Considering that ITP is a chronic disease, the study evaluated its costs and resource uses during a 1-year follow-up period, once bottom up approach is based on disease prevalence. Due to the limited follow-up period, the transfusion procedure was not reported for any patient, and only one hospitalization was observed in the aforementioned 1-year period. We observed a higher median treatment cost in the private healthcare system (US$17.49/month per patient, range = $0–2,020.77) compared to the public perspective (US$9.51/month per patient, range = $0–192.64). A broad variation of the costs was observed, mainly due to the heterogeneity of the patients and follow-up period. Additionally, the average treatment cost of patients undergoing splenectomy was higher compared to the other patients, and it was associated as a burden in ITP treatment.

Further real life studies are needed in broader populations to determine more precisely the patterns of treatment in Brazil. In terms of resource utilization, an analysis of the patient profiles related to the higher costs of illness is essential to understand how the burden of chronic ITP can be minimized in the Brazilian healthcare system.

Conclusion

Overall, this data described treatment patterns, resource use, and costs related to ITP in private and public institutions in Brazil. Also, therapeutic strategies of second- and third-line therapies still remain scarce in the real world clinical practice. The data indicate that available therapeutic strategies for second- and third-line therapies appear to be limited.

Transparency

Declaration of funding

This study was sponsored and monitored by Amgen Brazil. Amgen did not influence patient selection or scientific conduction of the study.

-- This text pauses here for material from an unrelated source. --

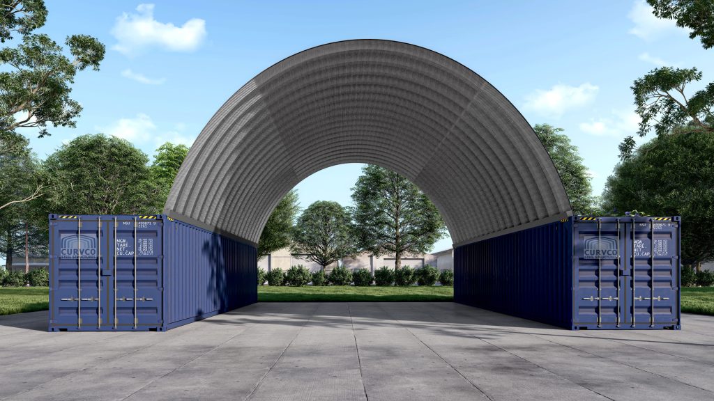 Shipping Container Roofs are made of 100% American Steel from an American factory here in the United States. The steel arches can range from 14-22 gauge. They are coated in Galvalume made from aluminum, zinc, and silicon, making it more resistant to corrosion. It has an impressive strength-to-weight ratio, which derives from the arch panels being bolted together with strong overlapping panels.

Declaration of financial/other relationships

EM and GSJ are employees of Kantar Health. RFDS is currently employed by Amgen Inc. The remaining authors received research funding from <grant sponsor > Amgen<\grant sponsor>. JME peer reviewers on this manuscript have no relevant financial or other relationships to disclose.

Acknowledgments

The authors are grateful for the support of Rodrigo Santucci Alves da Silva, Christiane Bueno, Luiz Fernando Andrade Feijó, Sandra Loggeto, Estela Federal, Mayara Piani, Carolina Santinho and all site staff involved in the study.